**Task requirements:** Starting with the line that contains "Bei Alternate gibt", repeat exactly every line through the last one in the records below, and leave out the pictures.
(Record excerpts Opens)
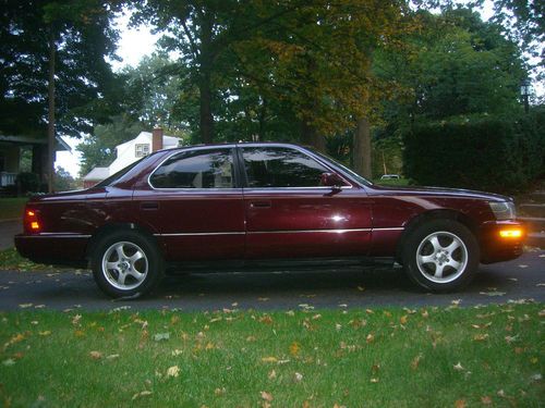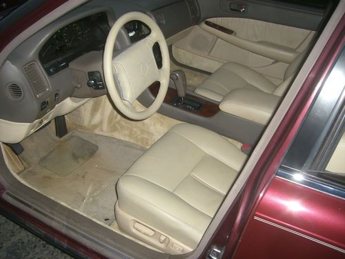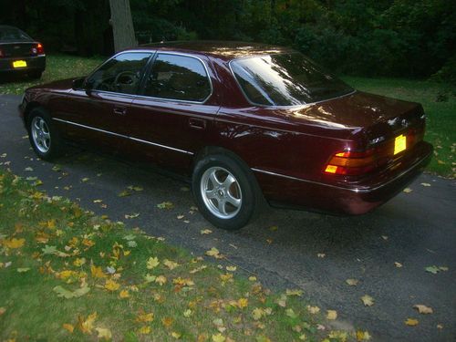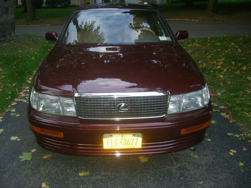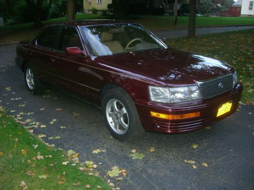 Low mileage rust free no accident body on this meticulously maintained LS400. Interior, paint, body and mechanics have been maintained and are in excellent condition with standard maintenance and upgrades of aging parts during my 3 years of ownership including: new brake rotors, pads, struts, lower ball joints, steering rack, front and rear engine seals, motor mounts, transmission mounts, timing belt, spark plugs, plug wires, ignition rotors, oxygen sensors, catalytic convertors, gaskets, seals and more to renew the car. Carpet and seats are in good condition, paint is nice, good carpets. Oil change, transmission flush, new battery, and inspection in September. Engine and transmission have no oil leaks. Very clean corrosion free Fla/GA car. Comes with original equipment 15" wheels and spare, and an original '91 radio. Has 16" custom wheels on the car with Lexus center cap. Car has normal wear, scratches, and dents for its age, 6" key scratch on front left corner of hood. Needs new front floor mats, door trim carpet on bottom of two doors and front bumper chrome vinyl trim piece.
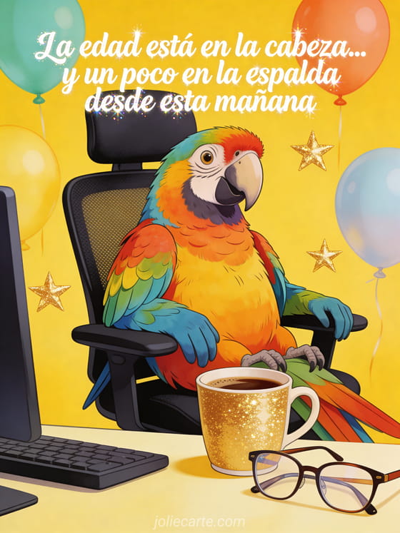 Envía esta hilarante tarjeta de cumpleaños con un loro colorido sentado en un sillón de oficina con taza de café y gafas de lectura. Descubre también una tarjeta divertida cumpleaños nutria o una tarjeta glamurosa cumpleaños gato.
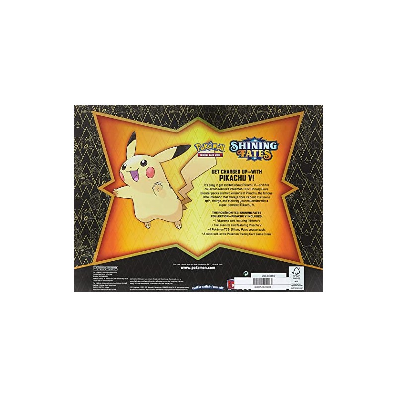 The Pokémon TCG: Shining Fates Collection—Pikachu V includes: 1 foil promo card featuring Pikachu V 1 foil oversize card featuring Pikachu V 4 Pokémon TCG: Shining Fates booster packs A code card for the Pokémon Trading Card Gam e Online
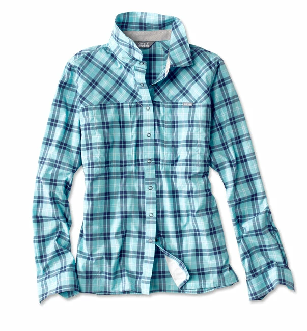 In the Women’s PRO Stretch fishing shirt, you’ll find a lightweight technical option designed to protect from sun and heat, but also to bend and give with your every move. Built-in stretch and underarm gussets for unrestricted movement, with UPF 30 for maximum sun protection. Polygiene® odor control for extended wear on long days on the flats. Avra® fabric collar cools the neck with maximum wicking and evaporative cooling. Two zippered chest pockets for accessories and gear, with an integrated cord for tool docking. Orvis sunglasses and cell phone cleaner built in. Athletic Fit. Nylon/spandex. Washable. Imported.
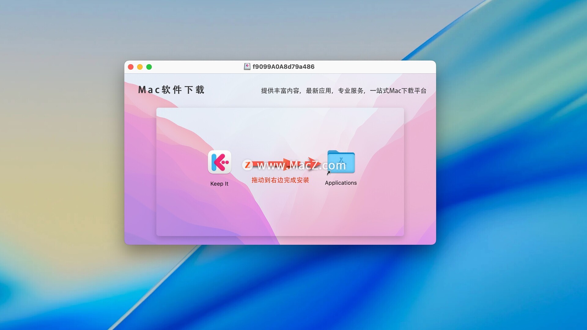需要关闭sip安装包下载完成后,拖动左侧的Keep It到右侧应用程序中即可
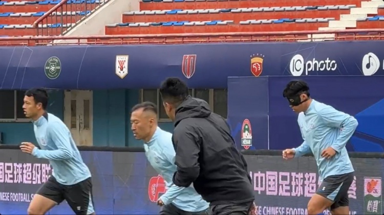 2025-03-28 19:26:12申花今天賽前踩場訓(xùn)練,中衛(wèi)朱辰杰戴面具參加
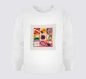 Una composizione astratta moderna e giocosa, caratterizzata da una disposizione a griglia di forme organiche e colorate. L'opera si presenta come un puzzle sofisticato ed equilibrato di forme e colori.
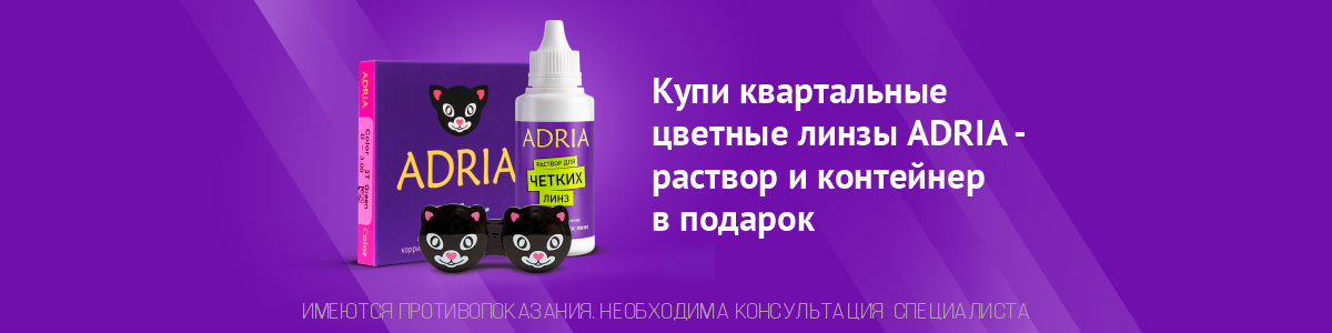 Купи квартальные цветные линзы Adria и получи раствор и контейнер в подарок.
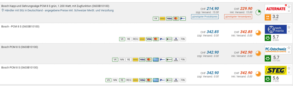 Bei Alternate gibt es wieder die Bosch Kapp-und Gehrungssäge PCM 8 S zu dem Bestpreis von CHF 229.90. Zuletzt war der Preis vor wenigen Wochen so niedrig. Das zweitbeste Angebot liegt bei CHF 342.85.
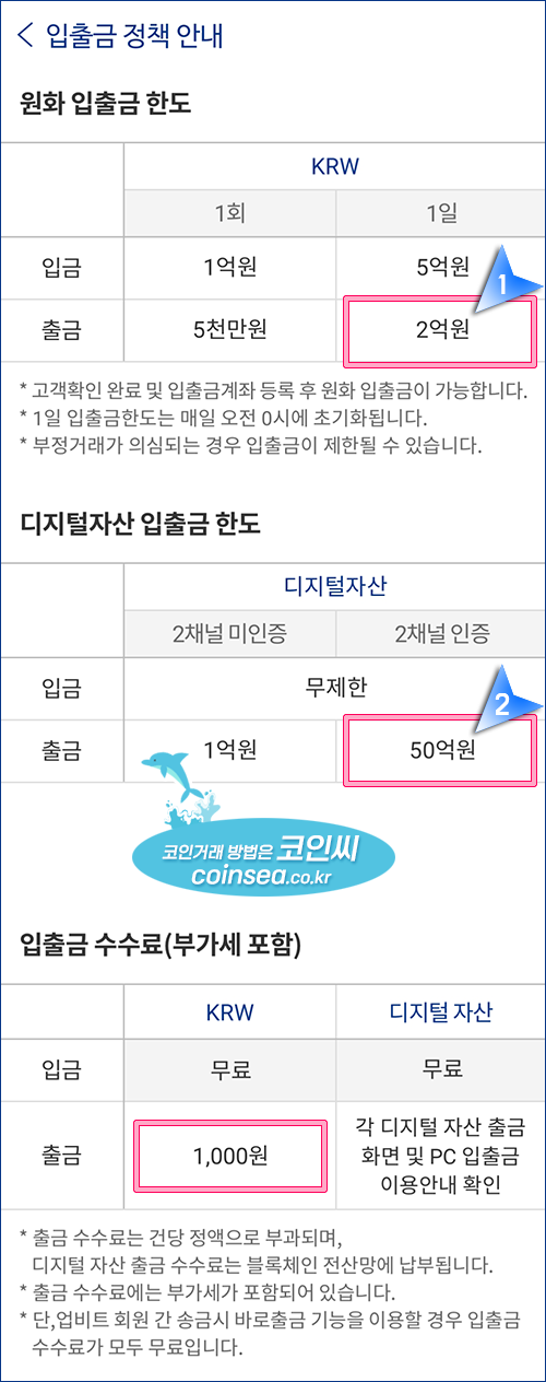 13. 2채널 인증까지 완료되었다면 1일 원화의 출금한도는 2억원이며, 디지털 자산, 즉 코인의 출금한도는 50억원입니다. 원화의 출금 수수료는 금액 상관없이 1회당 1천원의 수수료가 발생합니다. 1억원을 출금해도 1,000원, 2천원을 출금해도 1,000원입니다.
(Record excerpts Closes)
**Result for this exercise:**
 Bei Alternate gibt es wieder die Bosch Kapp-und Gehrungssäge PCM 8 S zu dem Bestpreis von CHF 229.90. Zuletzt war der Preis vor wenigen Wochen so niedrig. Das zweitbeste Angebot liegt bei CHF 342.85.
 13. 2채널 인증까지 완료되었다면 1일 원화의 출금한도는 2억원이며, 디지털 자산, 즉 코인의 출금한도는 50억원입니다. 원화의 출금 수수료는 금액 상관없이 1회당 1천원의 수수료가 발생합니다. 1억원을 출금해도 1,000원, 2천원을 출금해도 1,000원입니다.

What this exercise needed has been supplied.